Long-Video Textual and Pictorial Summary Agent (Jun. 2024 - Oct. 2024):
Responsible for video textual and pictorial summarization, enabling concise summaries for both short videos (under 5 minutes) and long videos (hour-long meetings or classes). The data pipeline involved collecting, processing, and labeling video data. An innovative approach introduced repetition to quantify frame importance, achieving over 50% frame compression. By integrating CLIP and OCR, the system selected frames highly relevant to key points, achieving nearly 90% frame compression. The model was fine-tuned based on the PanGu multimodal model for video segmentation summarization and key frame selection. Evaluation metrics segmentation included summarization frame selection qualification rate and excellence rate, with the fine-tuned model achieving over 90% qualification rate.

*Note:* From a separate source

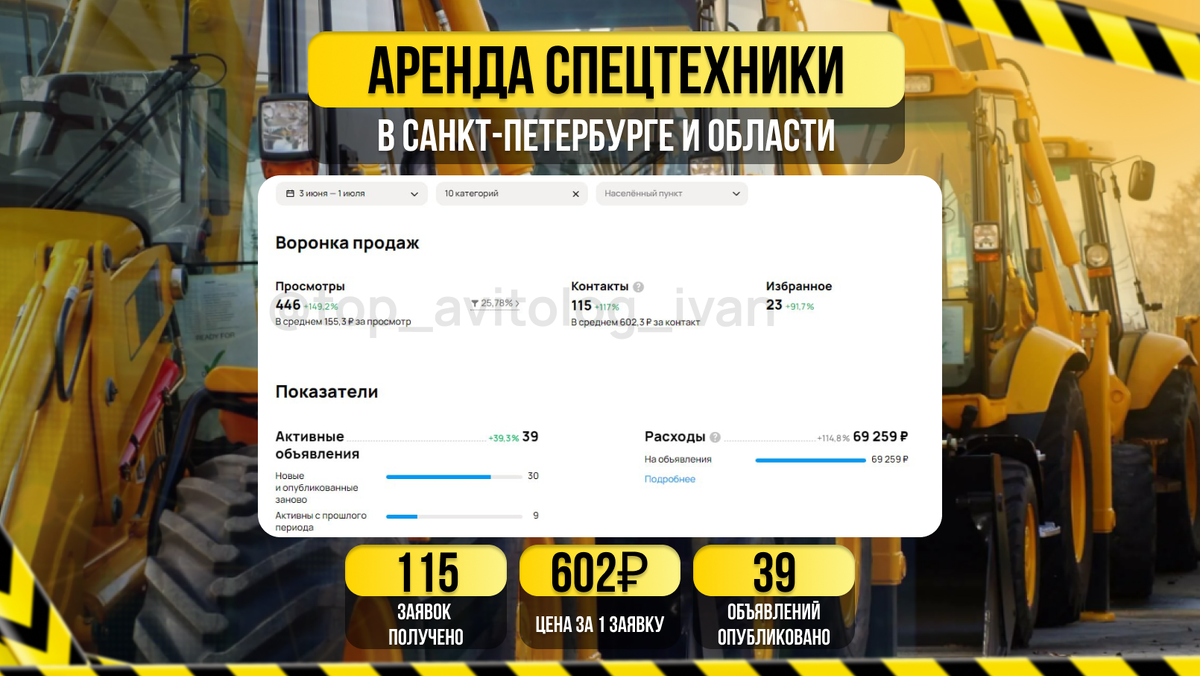🚜 115 заявок в месяц с Авито на аренду спецтехники. Цена за лид: 602 рублей. Эффективное продвижение на Avito.

Long-Document Textual and Pictorial Summary Agent(Oct. 2024 - Dec. 2024):
Responsible for summarizing long documents (5-80 pages, such as academic papers or financial reports) with textual and pictorial content. The data construction process innovatively incorporated image captions into the replacement text, improving illustration accuracy. Multiple data quality inspection standards were established to enhance user experience. The model was fine-tuned based on the PanGu multimodal large model for 32K and 128K long-document summarization. Evaluation metrics included illustration placement accuracy and key image recall rate, combining human annotation and GPT scoring for rapid evaluation. The model achieved a 90% illustration qualification rate and a 91% key image accuracy rate, which has been implemented in Huawei Terminal Xiaoyi.

3D Enthusiast

3D Understanding and Embodied Intelligence (Jan. 2024 - Dec. 2024):
- Utilized 3DGS as a new 3D representation modality in 3D pretraining models, achieving state-of-the-art (SOTA) performance in 3D object classification and recall tasks.

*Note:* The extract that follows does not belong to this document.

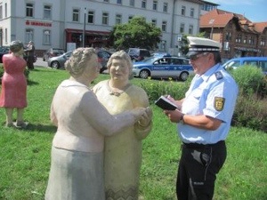beiden an, die Betonfiguren nicht absichtlich beschädigt zu haben.

- Explored a 3D scene understanding pretraining large model based on 3D and 2D representations. Collected 400k scene data and constructed over 7 million spatial intelligence data points, achieving SOTA performance on multiple spatial intelligence benchmarks.

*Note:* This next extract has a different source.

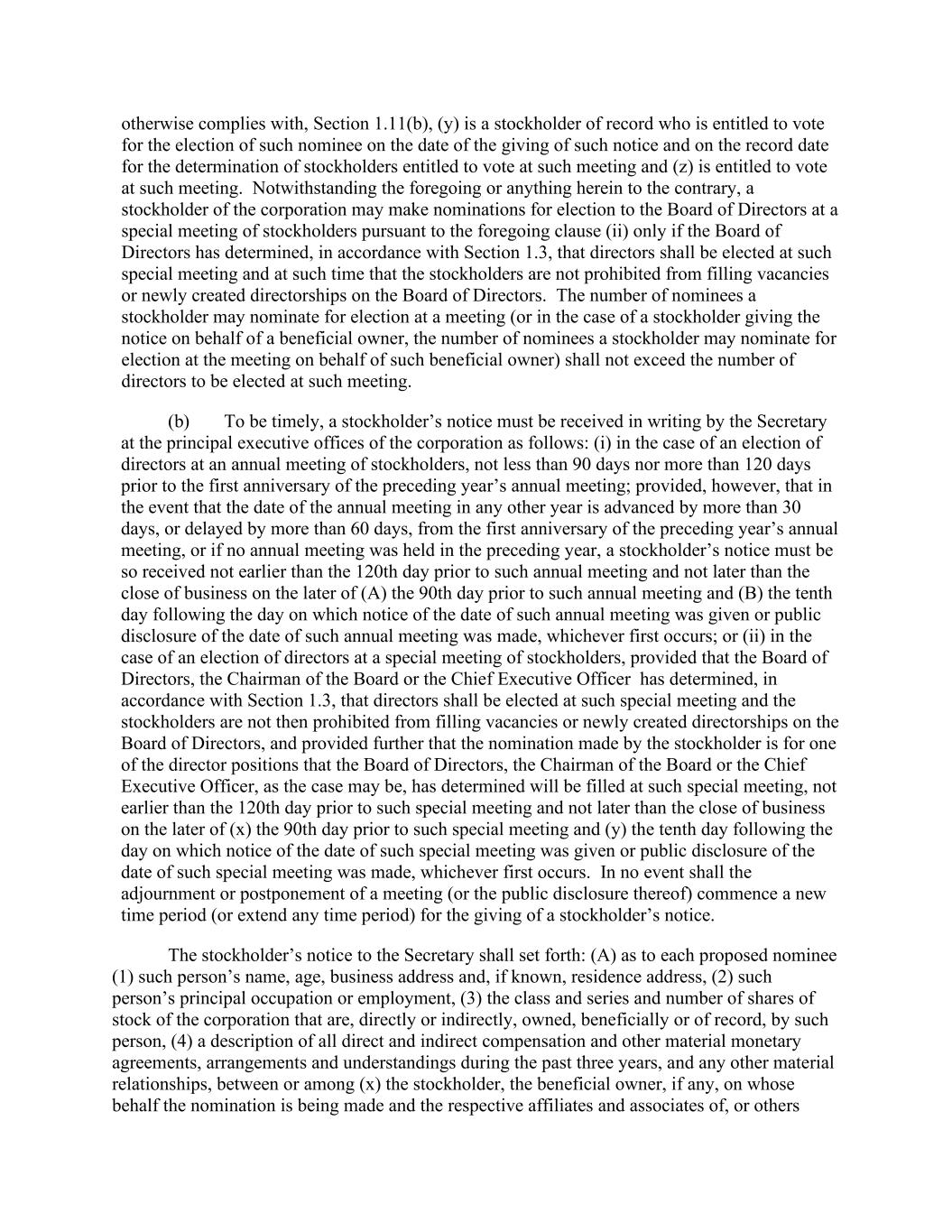 otherwise complies with, Section 1.11(b), (y) is a stockholder of record who is entitled to vote for the election of such nominee on the date of the giving of such notice and on the record date for the determination of stockholders entitled to vote at such meeting and (z) is entitled to vote at such meeting. Notwithstanding the foregoing or anything herein to the contrary, a stockholder of the corporation may make nominations for election to the Board of Directors at a special meeting of stockholders pursuant to the foregoing clause (ii) only if the Board of Directors has determined, in accordance with Section 1.3, that directors shall be elected at such special meeting and at such time that the stockholders are not prohibited from filling vacancies or newly created directorships on the Board of Directors. The number of nominees a stockholder may nominate for election at a meeting (or in the case of a stockholder giving the notice on behalf of a beneficial owner, the number of nominees a stockholder may nominate for election at the meeting on behalf of such beneficial owner) shall not exceed the number of directors to be elected at such meeting. (b) To be timely, a stockholder’s notice must be received in writing by the Secretary at the principal executive offices of the corporation as follows: (i) in the case of an election of directors at an annual meeting of stockholders, not less than 90 days nor more than 120 days prior to the first anniversary of the preceding year’s annual meeting; provided, however, that in the event that the date of the annual meeting in any other year is advanced by more than 30 days, or delayed by more than 60 days, from the first anniversary of the preceding year’s annual meeting, or if no annual meeting was held in the preceding year, a stockholder’s notice must be so received not earlier than the 120th day prior to such annual meeting and not later than the close of business on the later of (A) the 90th day prior to such annual meeting and (B) the tenth day following the day on which notice of the date of such annual meeting was given or public disclosure of the date of such annual meeting was made, whichever first occurs; or (ii) in the case of an election of directors at a special meeting of stockholders, provided that the Board of Directors, the Chairman of the Board or the Chief Executive Officer has determined, in accordance with Section 1.3, that directors shall be elected at such special meeting and the stockholders are not then prohibited from filling vacancies or newly created directorships on the Board of Directors, and provided further that the nomination made by the stockholder is for one of the director positions that the Board of Directors, the Chairman of the Board or the Chief Executive Officer, as the case may be, has determined will be filled at such special meeting, not earlier than the 120th day prior to such special meeting and not later than the close of business on the later of (x) the 90th day prior to such special meeting and (y) the tenth day following the day on which notice of the date of such special meeting was given or public disclosure of the date of such special meeting was made, whichever first occurs. In no event shall the adjournment or postponement of a meeting (or the public disclosure thereof) commence a new time period (or extend any time period) for the giving of a stockholder’s notice. The stockholder’s notice to the Secretary shall set forth: (A) as to each proposed nominee (1) such person’s name, age, business address and, if known, residence address, (2) such person’s principal occupation or employment, (3) the class and series and number of shares of stock of the corporation that are, directly or indirectly, owned, beneficially or of record, by such person, (4) a description of all direct and indirect compensation and other material monetary agreements, arrangements and understandings during the past three years, and any other material relationships, between or among (x) the stockholder, the beneficial owner, if any, on whose behalf the nomination is being made and the respective affiliates and associates of, or others

- Investigated a 4D input-based embodied intelligence pretraining large model. Established a robot action data collection process and achieved SOTA performance in multiple simulation environments (e.g., Libero, Calvin).
3D Face Modeling (Jan. 2023 - Dec. 2023):
Explored and studied a weakly supervised training framework for 3DMM face reconstruction algorithms, used for realistic face geometry reconstruction, cartoon character geometry priors, and initial values for single-frame and multi-frame geometry optimization algorithms. The framework incorporated semantic information with BlenderShape, a new recognition module, edge loss, and semi-supervised training methods. The algorithm achieved SOTA performance in coarse modeling (e.g., in the Asian face dataset FaceScape, the average reconstruction error was reduced compared to Deep3DFace and MICA, and it ranks first in the REALY benchmark for coarse modeling).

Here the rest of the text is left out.